We don't have any way to add an arbitrary flag like "We ran a language detection on this" to our search data in Hive. This will help us do that, which will be useful when we're analysing our data.
|operations/mediawiki-config : master||Use event-schemas repository for avro schemas|
|operations/mediawiki-config : master||Add 2 payloads map<string,string> fields to CirrusSearchRequestSet avro schema|
|mediawiki/extensions/CirrusSearch : master||Add 2 map<string,string> payloads to CirrusSearchRequestSet|
|analytics/refinery/source : master||Add CirrusSearchRequestSet avro schema to local schema repo|
|analytics/refinery : master||Create CirrusSearchRequestSet table|
|Resolved||dcausse||T117575 Setup oozie task for adding and removing CirrusSearchRequestSet partitions in hive|
|Resolved||dcausse||T118570 Add a map<string,string> field to CirrusSearchRequestSet|
|Resolved||None||T121483 Camus not reading in CirrusSearchRequestSet events with the new schema identifier and schema version|
In fact it works with hive and old data but this does not work for our chain mediawiki -> kafka -> camus.

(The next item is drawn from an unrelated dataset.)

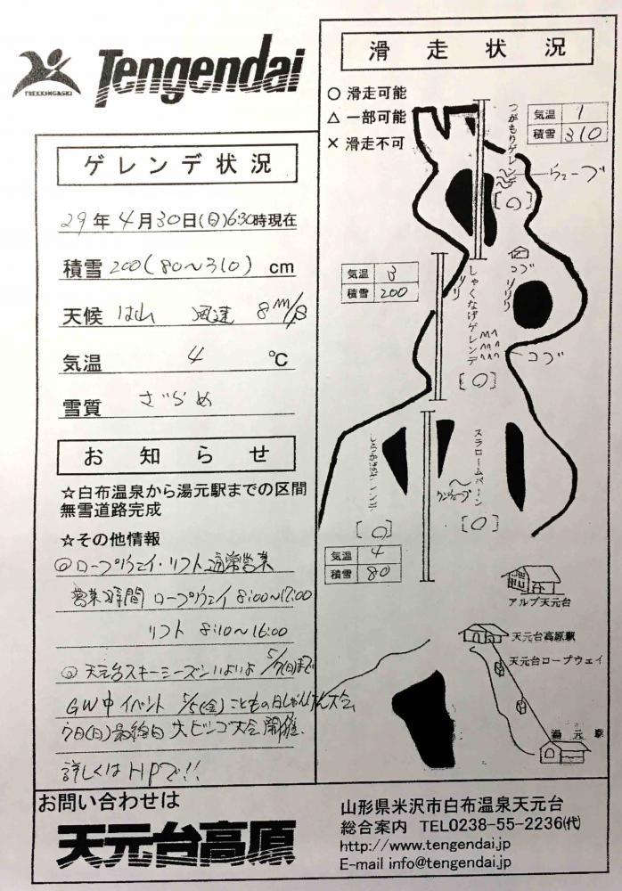 ▼■天元台高原ゲレンデ情報■2017/04/30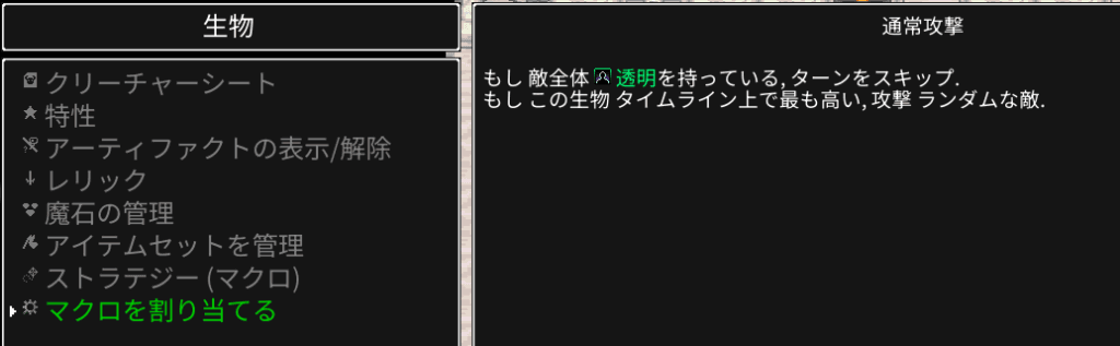 生物 > ストラテジー(攻撃)をストラテジー(マクロ)に変更

If we want to handle schema updates we will have to find a way to keep track of the schema used on mediawiki to produce the avro message.
Today we use AvroDecoder with one schema only.

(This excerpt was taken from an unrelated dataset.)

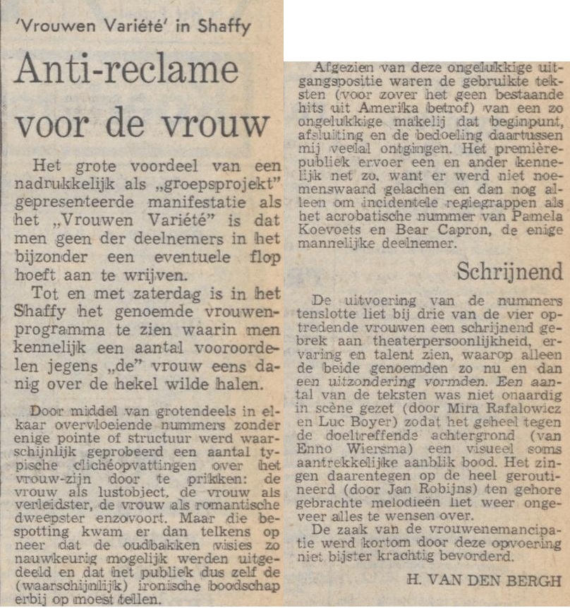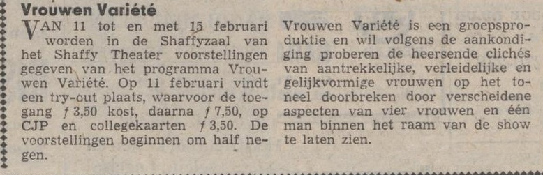 13-02-1975 Vrouwenvariété erg vervelend / Volkskrant

But it looks like if you want to handle schema updates you need to use another constructor :
new GenericDatumReader(writerSchema, readerSchema);
So I'm not sure what to do here...
I can see that some uses a SchemaRegistry service : https://github.com/confluentinc/schema-registry
We could maybe implement a hackish solution where the topic name includes the schema version:
Let's work on this together tomorrow. we should not need a schema registry. Just specifying new fields with union defaults should be sufficient:
Removal of fields is not supported for backwards compatibility.

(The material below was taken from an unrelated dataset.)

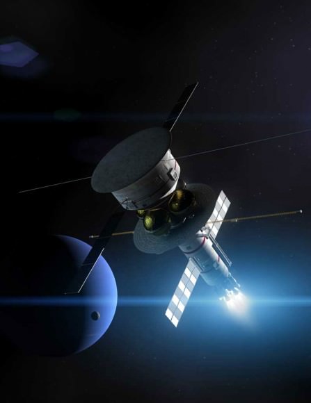 The Icarus Pathfinder starship passing by Neptune. Credit: Adrian Mann[/caption]

I was wondering also why it works with hive.
In fact hive will store the schema with each record:
So it's why it can read old records because the schema used to generate the avro binary is always available. Then it can use its conversion technique by using writerSchema and readerSchema.
Unless we find a solution to workaround this problem, here is a list of possible solutions :
- Do not support schema evolution:
- stop the camus cronjob for mediawiki
- deploy the new schema in mediawiki
- flush the topic
- deploy the schema to camus
- restart camus
- never update the schema again
- Support schema evolution :
- Add a schema rev_id in the message (kafka header?, an integer before the avro binary payload, topic name?)
- Adapt AvroMessageDecoders in refinery camus to support schema rev_id
- Keep track of all schema revisions on the consumer: write a custom SchemaRegistry that supports rev_id
- On any schema updates refinery-camus must deployed first.
- Do not use avro binary but avro json
- Never tested
- never updating the schema seems like a giant pain, i think we almost certainly want the ability to add fields in the future as we realize different things we need. This can be somewhat worked around using the payload fields from this patch though.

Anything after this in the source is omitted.